Described as an Elm type signature, we can say that parsing is a function:
parse : broaderType -> Result error narrowerType
Typically, not all values of the broader type can successfully be transformed
into the narrower type, hence the need for Result
. For example, the string
"1"
can be transformed into an integer but the string "hello"
cannot.
Parsing non-strings
Under this definition, one can “parse” rich data types into other rich data types. This often comes up when capturing user input. I often define both a broader type that captures user input with a lot of uncertainty and a narrower type that accurately describes the data I want to capture.

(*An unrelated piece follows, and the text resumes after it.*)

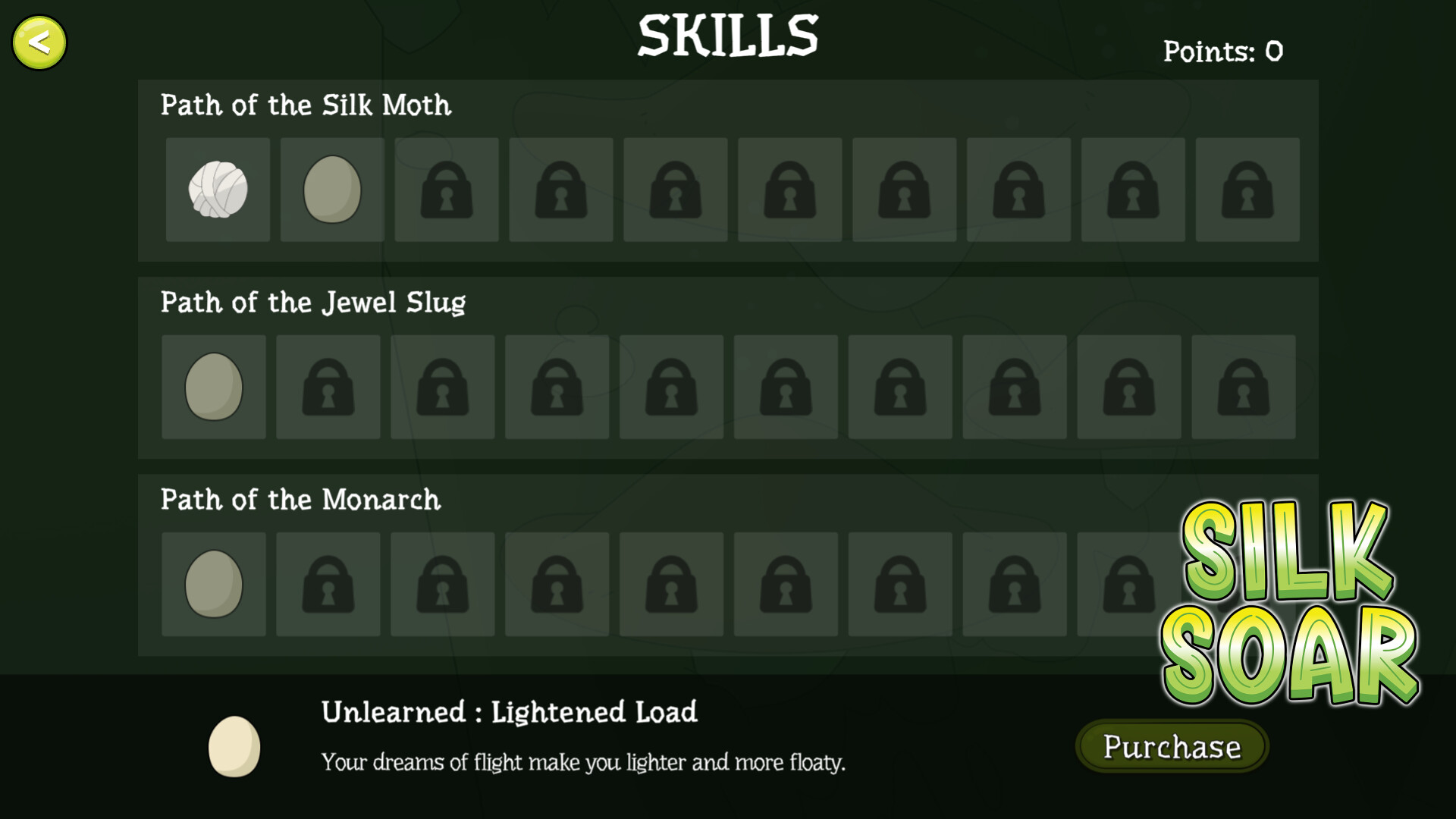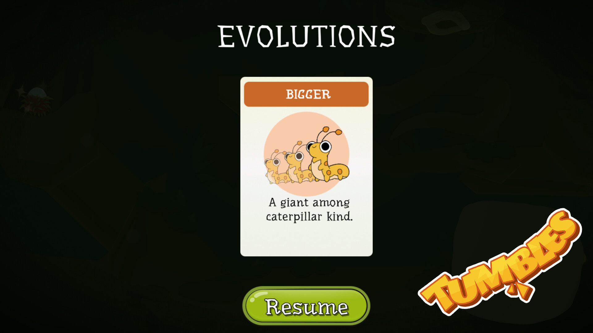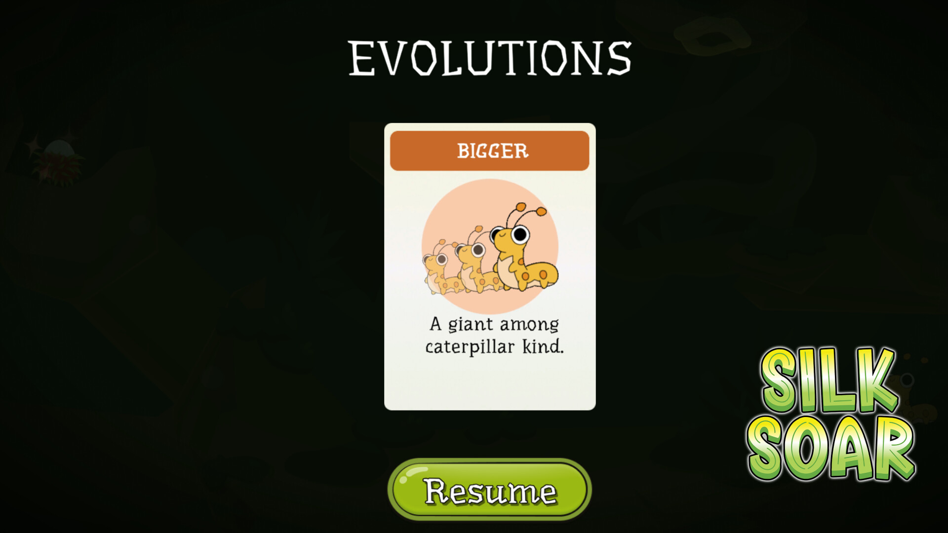Each time you choose to build your cocoon there is an increasing chance of evolutions affecting your next caterpillar. Will you be a different colour, have a more bouncy body, or have tunnel vision? What combinations will you have and will they help or hinder your next climb?

-- Broad type with a lot of uncertainty
type alias ProfileForm =
{ age : String
, occupation : Maybe Occupation
}
-- Narrow type
type alias Profile =
{ age : Int
, occupation : Occupation
}
Then, in response to some action such as the user clicking a submit button, I
can try to parse the narrow Profile
out of the ProfileForm
with something
like:
parseProfile : ProfileForm -> Maybe Profile
parseProfile form =
Maybe.map2 Profile
(String.toInt form.age)
form.occupation
On a fancier form, you might use a dedicated form-decoder library to parse these records.
Outputs can also be inputs
One can transform data in several passes, with the parsed output at each step becoming the raw input of the next step. The types get narrower and narrower at every step and the pipeline acts as a funnel.

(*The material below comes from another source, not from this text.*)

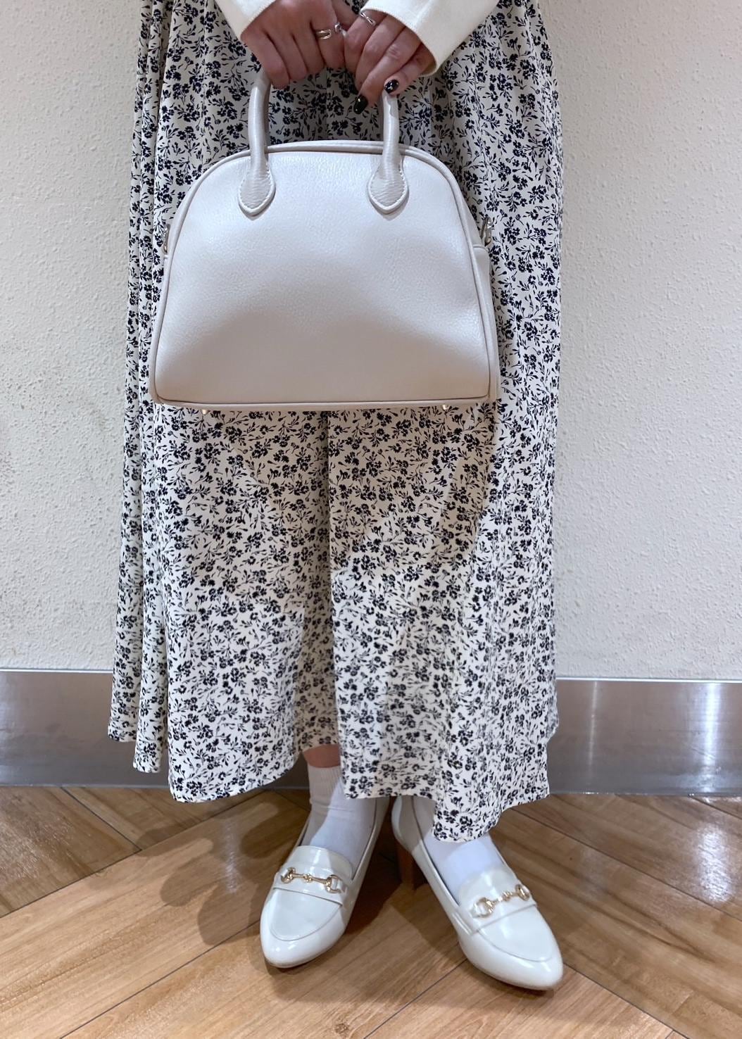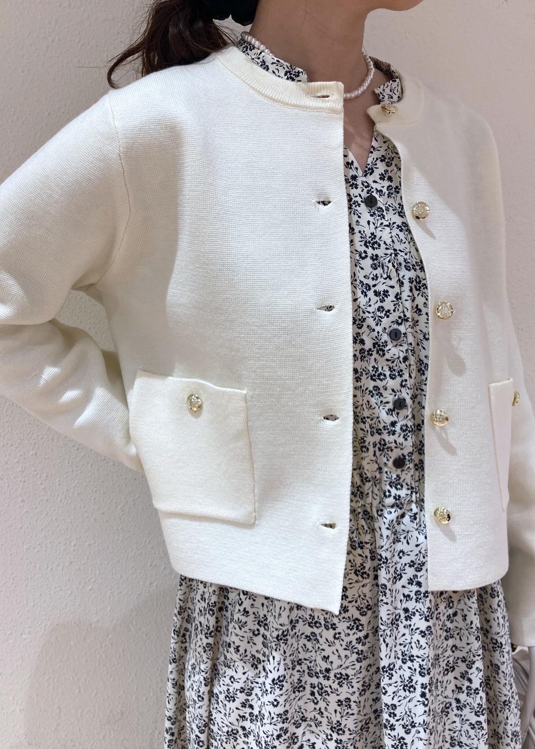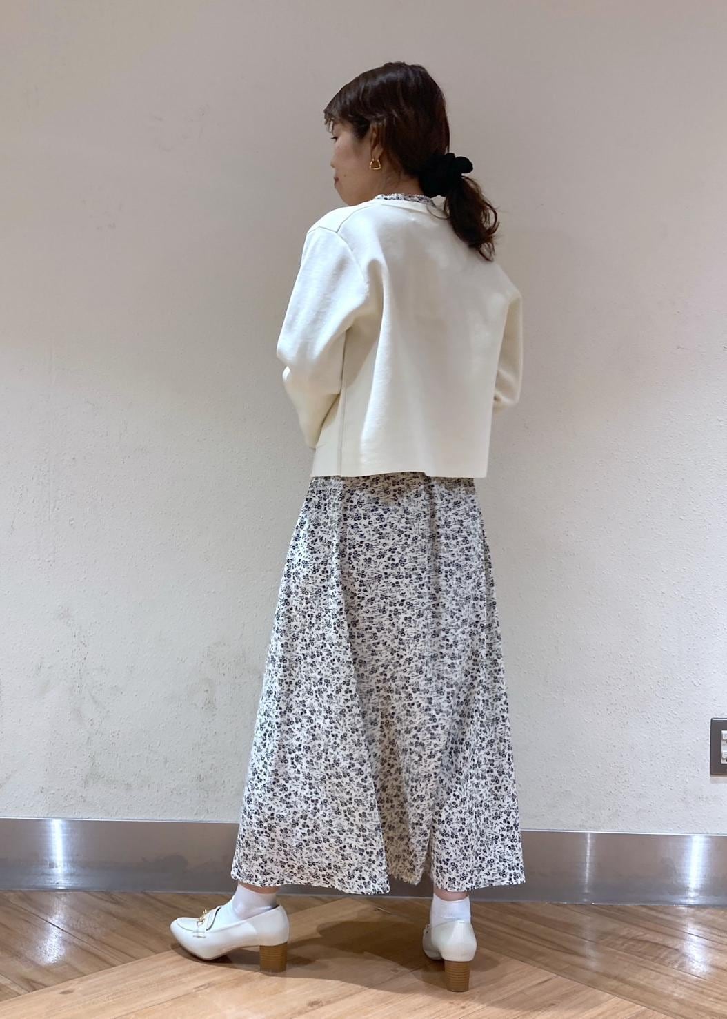 春らしい小花柄ワンピースに、ミラノリブのカーディガンを羽織りました。ホワイトとイエローが一気に春らしく見せてくれます。

For example, when getting data from an API, we might:
- Try to parse the string body of the response as a JSON value. This might
fail because not all strings are valid JSON (note that the
elm/json
library does this automatically for us) - Try and parse the JSON value into a broad
UserSubmission
record. This might fail because not all JSON values are valid user submissions. - We might combine this
UserSubmission
with some user input and then try to parse it into a narrowerUser
type. This might fail because not all user submissions are valid users.
Narrowing types like this is the core idea of parse, don’t validate.

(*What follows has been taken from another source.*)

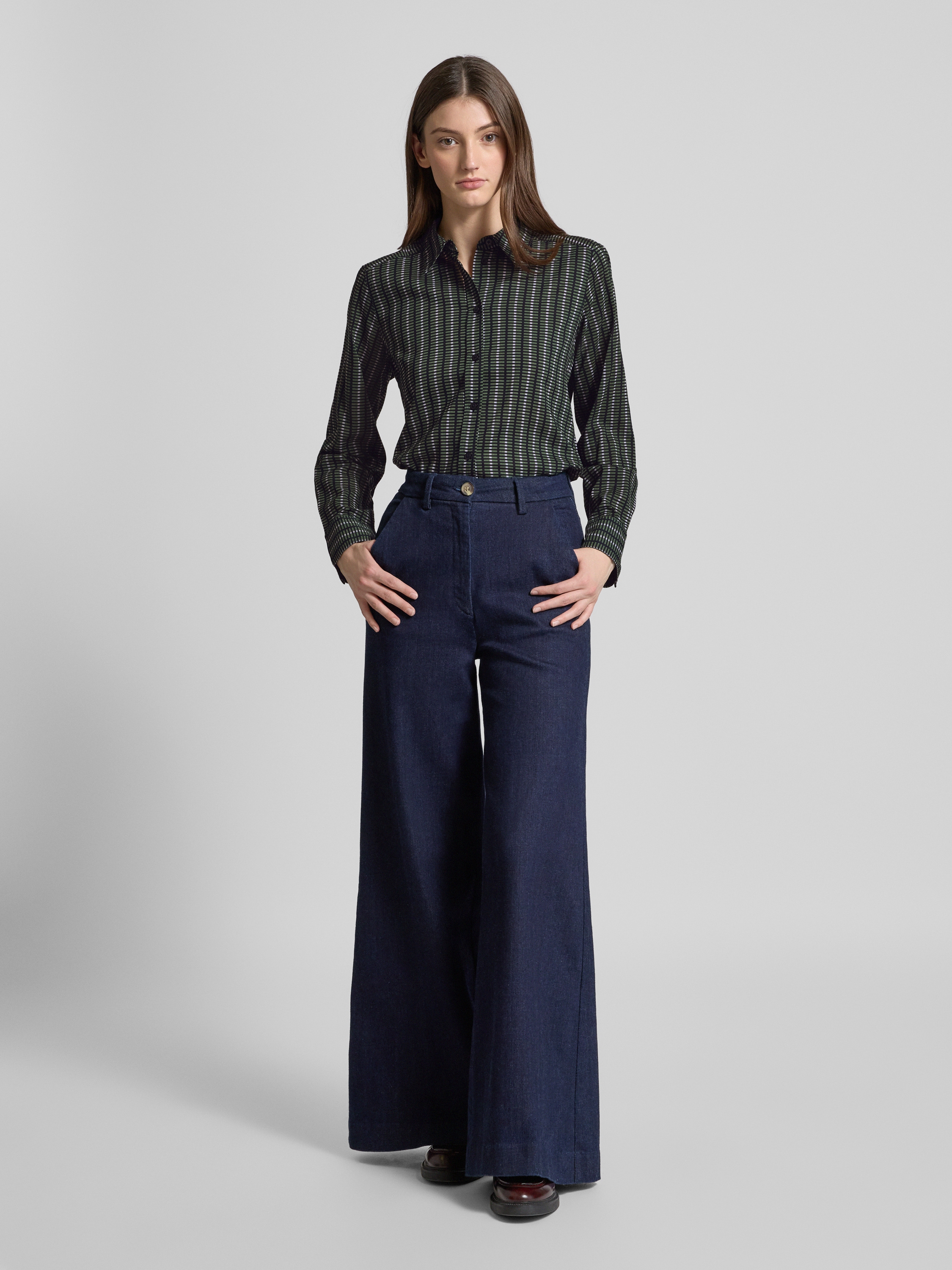 Die Damen Hemdbluse von Tom Tailor im Regular-Fit zeigt ein grafisches Allover-Muster und wirkt durch die lockere Schnittführung angenehm unkompliziert. Der Baumwoll-Modal-Mix sorgt für ein weiches Tragegefühl, während die Cacharelfalte am Rücken Bewegungsfreiheit ermöglicht. Durch die Turn-up-Option der Ärmel lässt sich der Look flexibel anpassen.

Note that these transformations don’t need to happen all at once. Each level might have some domain-relevant operations that you might want to use and you may not need to parse to the next level until certain events happen.
Not just for types
This mental model doesn’t just apply to statically-typed functional languages. Consider how a Ruby program might build value objects out of the payload from a 3rd party API.
Movie = Struct.new(:name, :director)
def build_movies(response)
json = JSON.parse response.body # parse string into array of hashes
# parse hashes into movie objects
movies = json.map do |obj|
Movie.new(obj.fetch("movie_name"), obj.fetch("dir"))
end
end
Here, failure happens via an exception but the concept is the same. We slowly move through a funnel from less structured to more structured data as we parse from strings to hashes and finally into movie objects.
Thinking in transformations
Once you have this broader mental model of parsing in your mind, you will start to see it everywhere. So much of our work as software developers is transforming data. On the web, we are constantly dealing with unstructured inputs from APIs and from users.
Thinking in terms of parsing can help us become more conscious of the boundaries within our systems and be more intentional in setting them. Because we know that the transformation at each layer can result in errors, this mental model can guide us to the hot spots where we need better test coverage and error-handling code.